* **Task prompt**: Reproduce the records below exactly from their first line through the line containing "2009年9月3日,我公司在", omitting all pictures.

------------------------------

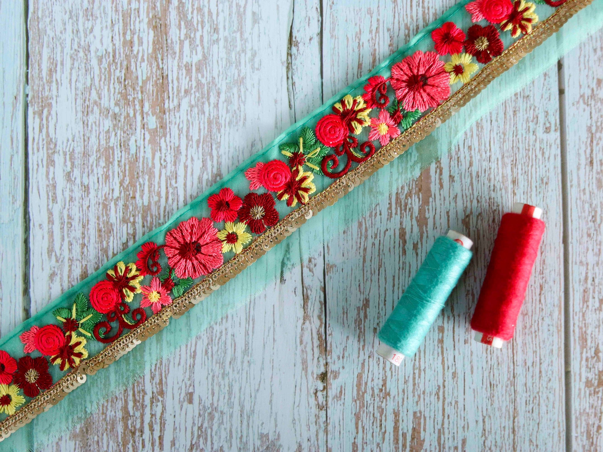 A pretty trim delicately embroidered with roses and daisies. In shades of pink, yellow and green, on a mint green net fabric. Embellished with tiny sequins in light gold to add a touch of glam. A bouquet of flowers to add vibrant joy to any project!
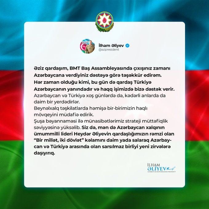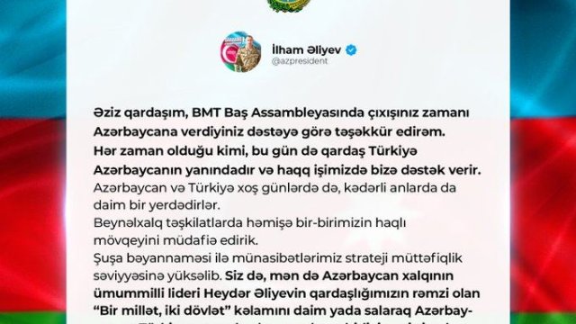BAKU, Azerbaijan, September 20. President of the Republic of Azerbaijan Ilham Aliyev thanked Turkish President Recep Tayyip Erdogan for expressing support for Azerbaijan during his speech at the UN General Assembly, Trend reports.
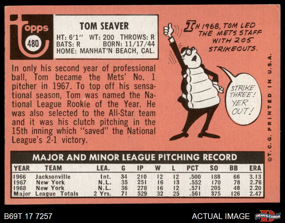 1969 Topps #480 Tom Seaver 4 - VG/EX
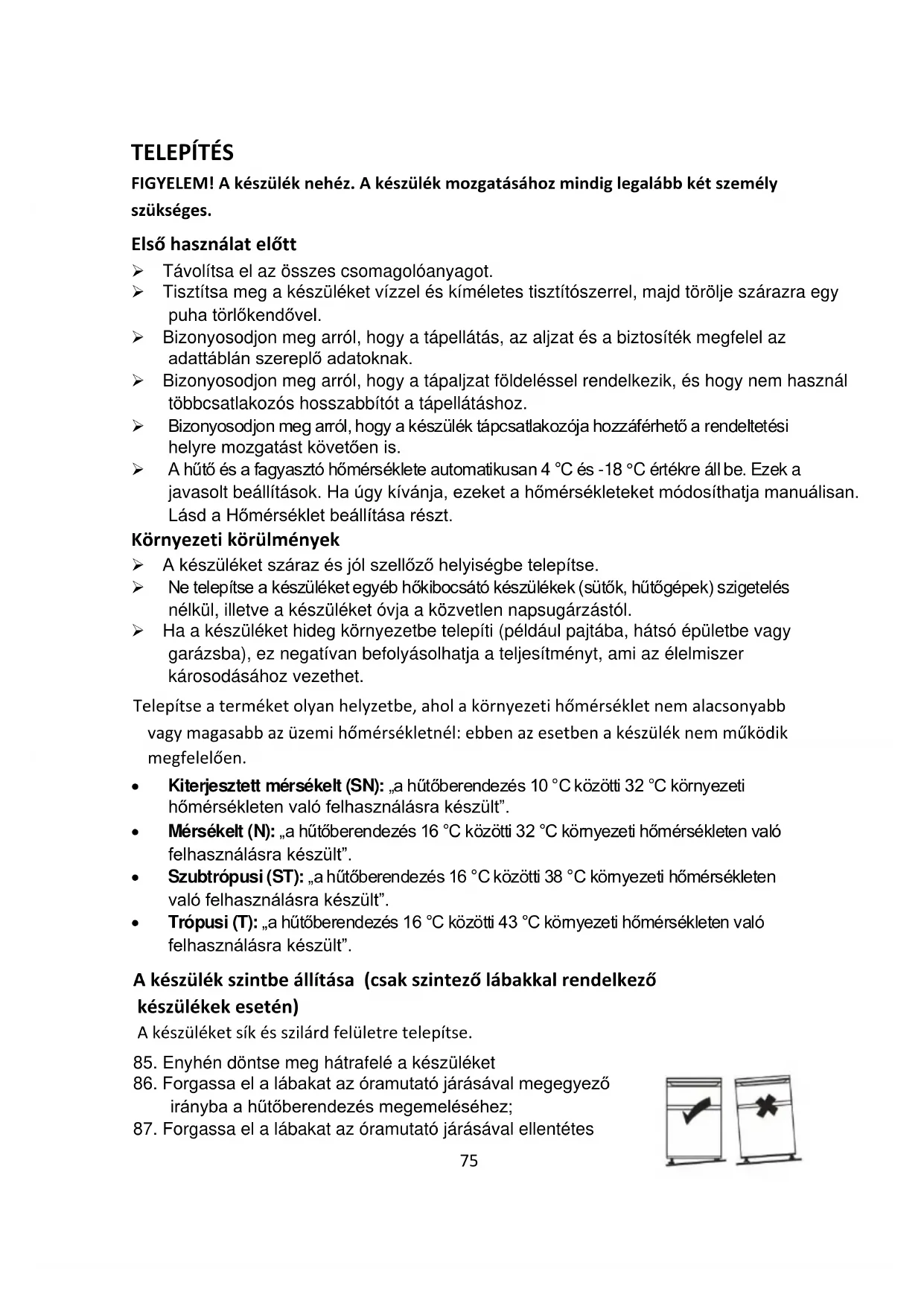 - Trópusi (T): „a hűtőberendezés 16 °C közötti 43 °C környezeti hőmérsékleten való felhasználásra készült”. A készülék szintbe állítása (csak szintező lábakkal rendelkező készülékek esetén) A készüléket sík és szilárd felületre telepítse.
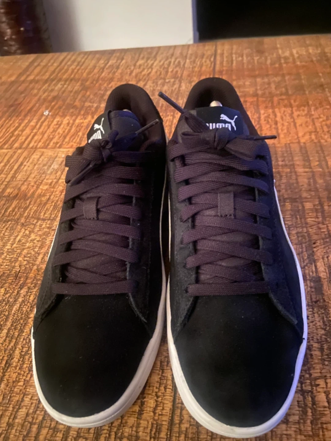 Selling a pair of Puma Smash Buck sneakers in black. They're in great shape and ready for a new owner! These stylish and comfortable shoes are perfect for everyday wear.
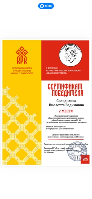 🏆 ГОРДОСТЬ ШКОЛЫ: ПОБЕДА НА «ЗНАМЕНСКИХ ЧТЕНИЯХ»!
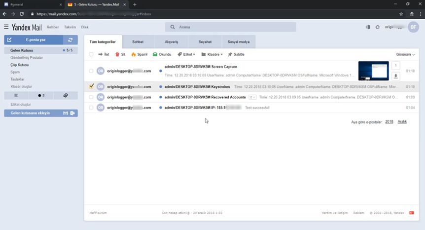 Другой пример — видеоурок, записанный продавцом инструмента OriginLogger. На видео виден интерфейс его почтового ящика на Яндексе на турецком языке. Кроме того, автор не совсем корректно использовал эффект размытия на видео и не полностью скрыл данные, собранные демонстрируемой шпионской программой. Анализ веб-адресов, собранных шпионской программой и отображаемых в веб-браузере создателя видеоурока, показывает, что у автора есть учетные записи на турецких форумах и даже в одном из турецких университетов.
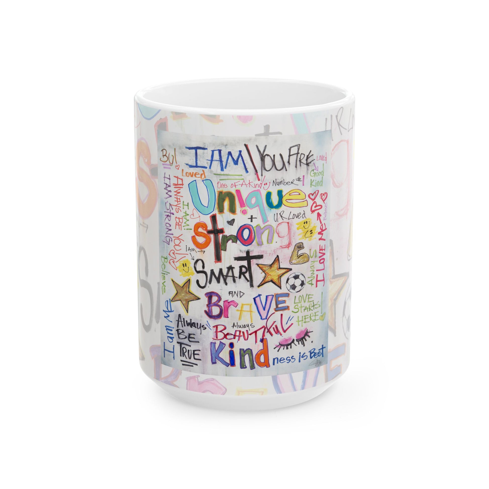Bring some cheer to your mug collection and brighten your day with I am Unique, from the iocoArt Graffiti-inspired collection!
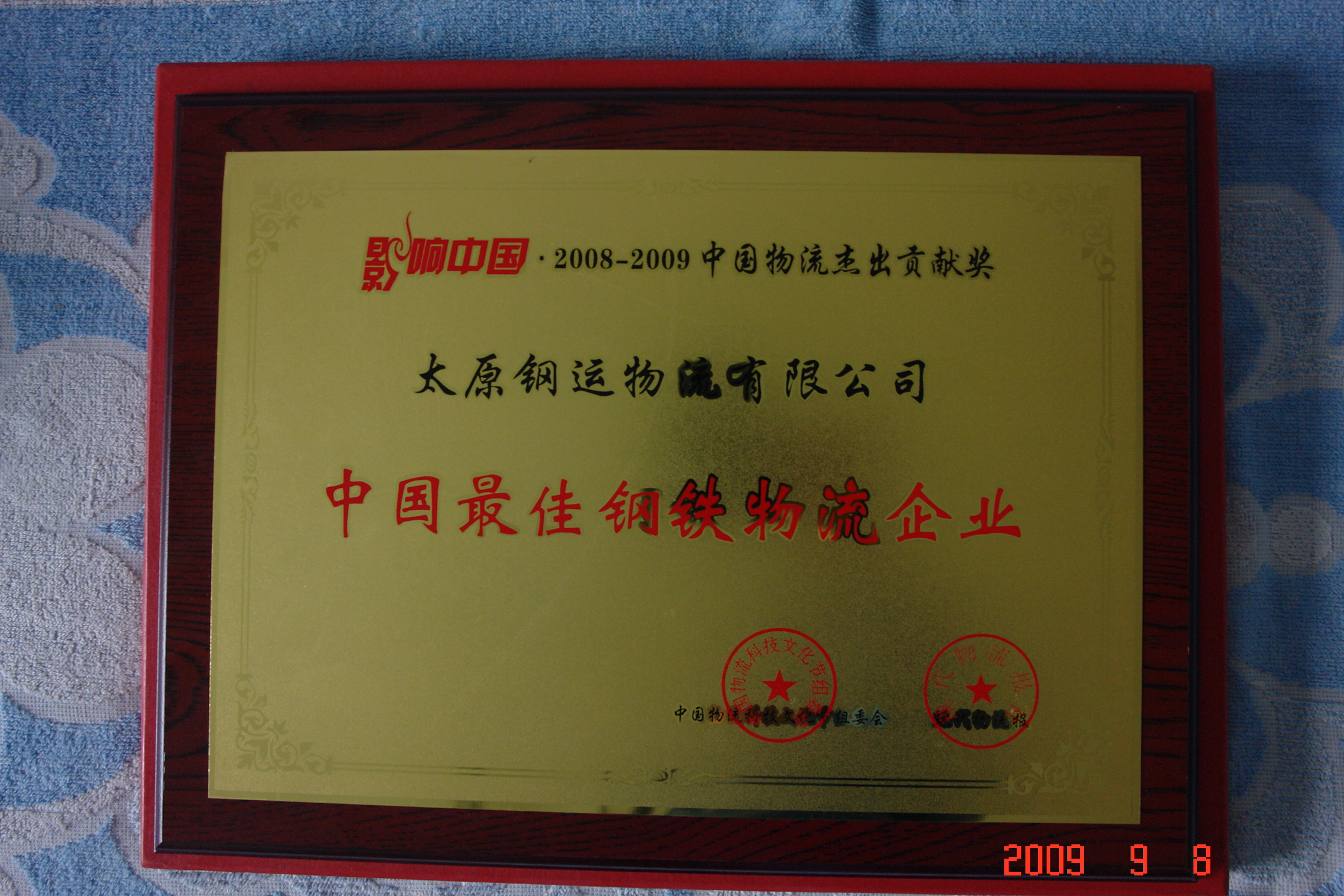 2009年9月3日,我公司在"第三屆中國(蘇州)國際物流與供應(yīng)鏈合作發(fā)展高峰論壇"暨"影響中國2008--2009中國物流杰出貢獻(xiàn)獎(jiǎng)"表彰活動(dòng)中,被授予"中國**佳鋼鐵物流企業(yè)"榮譽(yù)稱號(hào)。
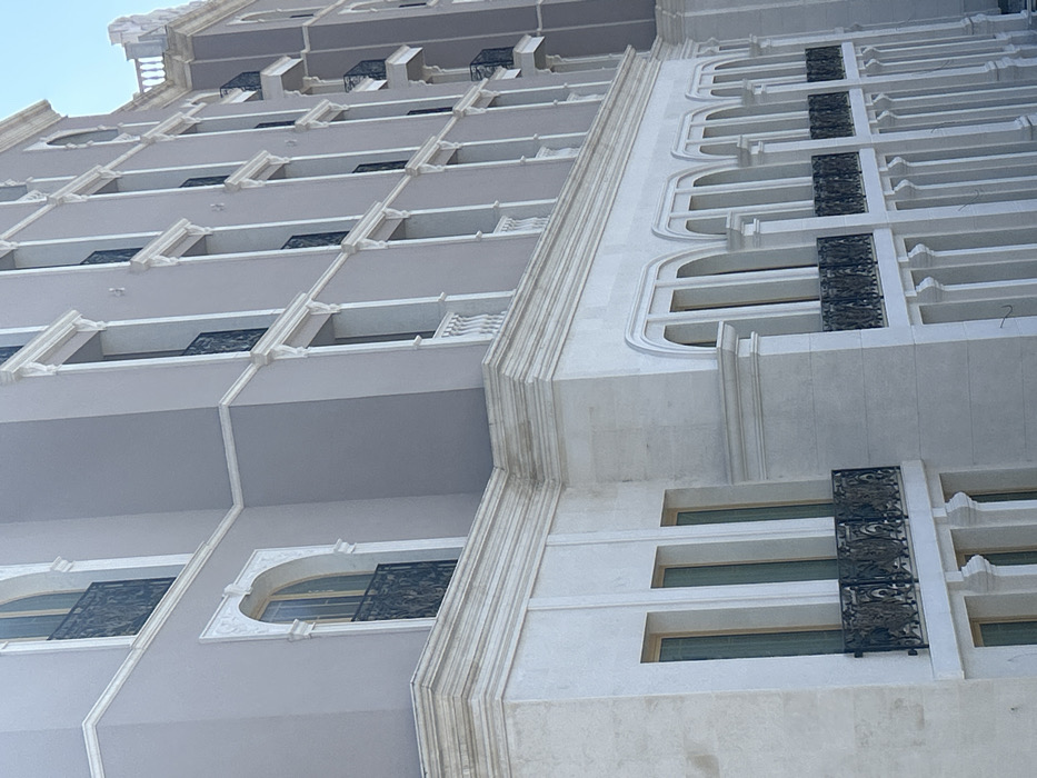 This image captures a section of a multi-story building facade in Shumen, Bulgaria, observed from a slightly upward angle. The architecture displays a neoclassical or baroque revival style, characterized by a light-colored, possibly stone or pre-cast concrete lower section, distinguished by vertical panels and a substantial horizontal cornice. Above this, the facade transitions to a light gray rendered or painted surface. The building features a repetitive pattern of windows and balcony elements. Several windows on the lower visible floors are tall and rectangular, fitted with light-colored frames and fronted by ornate, black wrought-iron juliet balconies with intricate scroll patterns. Higher sections include arched windows, some also with similar black wrought-iron railings, while other window recesses exhibit simpler white balustrades. Prominent horizontal cornices with decorative molding delineate the floor levels. Vertical pilasters and ornate detailing, including keystones and decorative scrolls, adorn the window surrounds. A decorative white balustrade, likely part of an upper story or roofline, is partially visible at the top right. The scene is illuminated by natural daylight, suggesting a clear daytime environment. No people, vehicles, or other surrounding environmental elements are visible beyond the architectural structure.
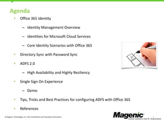 This document provides an overview and agenda for a presentation on single sign-on with Active Directory Federation in Office 365 and SharePoint Online. The presentation covers Office 365 identity management, different identity scenarios including directory sync and ADFS, preparing the Active Directory environment, deploying and configuring ADFS, and best practices. It includes diagrams of common identity architectures and an ADFS farm architecture comparison. The goal is to explain how to implement single sign-on for Office 365 using ADFS federation.
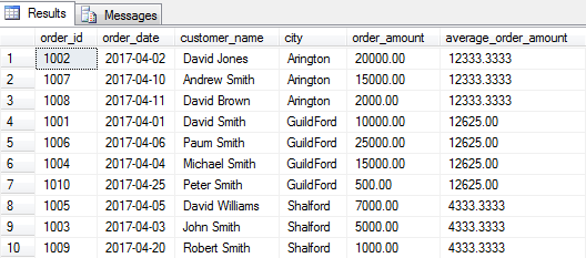SELECT order_id, order_date, customer_name, city, order_amount ,AVG(order_amount) OVER(PARTITION BY city, MONTH(order_date)) as average_order_amount FROM [dbo].[Orders] |

------------------------------

* **Task solution**:
 A pretty trim delicately embroidered with roses and daisies. In shades of pink, yellow and green, on a mint green net fabric. Embellished with tiny sequins in light gold to add a touch of glam. A bouquet of flowers to add vibrant joy to any project!
BAKU, Azerbaijan, September 20. President of the Republic of Azerbaijan Ilham Aliyev thanked Turkish President Recep Tayyip Erdogan for expressing support for Azerbaijan during his speech at the UN General Assembly, Trend reports.
 1969 Topps #480 Tom Seaver 4 - VG/EX
 - Trópusi (T): „a hűtőberendezés 16 °C közötti 43 °C környezeti hőmérsékleten való felhasználásra készült”. A készülék szintbe állítása (csak szintező lábakkal rendelkező készülékek esetén) A készüléket sík és szilárd felületre telepítse.
 Selling a pair of Puma Smash Buck sneakers in black. They're in great shape and ready for a new owner! These stylish and comfortable shoes are perfect for everyday wear.
 🏆 ГОРДОСТЬ ШКОЛЫ: ПОБЕДА НА «ЗНАМЕНСКИХ ЧТЕНИЯХ»!
 Другой пример — видеоурок, записанный продавцом инструмента OriginLogger. На видео виден интерфейс его почтового ящика на Яндексе на турецком языке. Кроме того, автор не совсем корректно использовал эффект размытия на видео и не полностью скрыл данные, собранные демонстрируемой шпионской программой. Анализ веб-адресов, собранных шпионской программой и отображаемых в веб-браузере создателя видеоурока, показывает, что у автора есть учетные записи на турецких форумах и даже в одном из турецких университетов.
Bring some cheer to your mug collection and brighten your day with I am Unique, from the iocoArt Graffiti-inspired collection!
 2009年9月3日,我公司在"第三屆中國(蘇州)國際物流與供應(yīng)鏈合作發(fā)展高峰論壇"暨"影響中國2008--2009中國物流杰出貢獻(xiàn)獎(jiǎng)"表彰活動(dòng)中,被授予"中國**佳鋼鐵物流企業(yè)"榮譽(yù)稱號(hào)。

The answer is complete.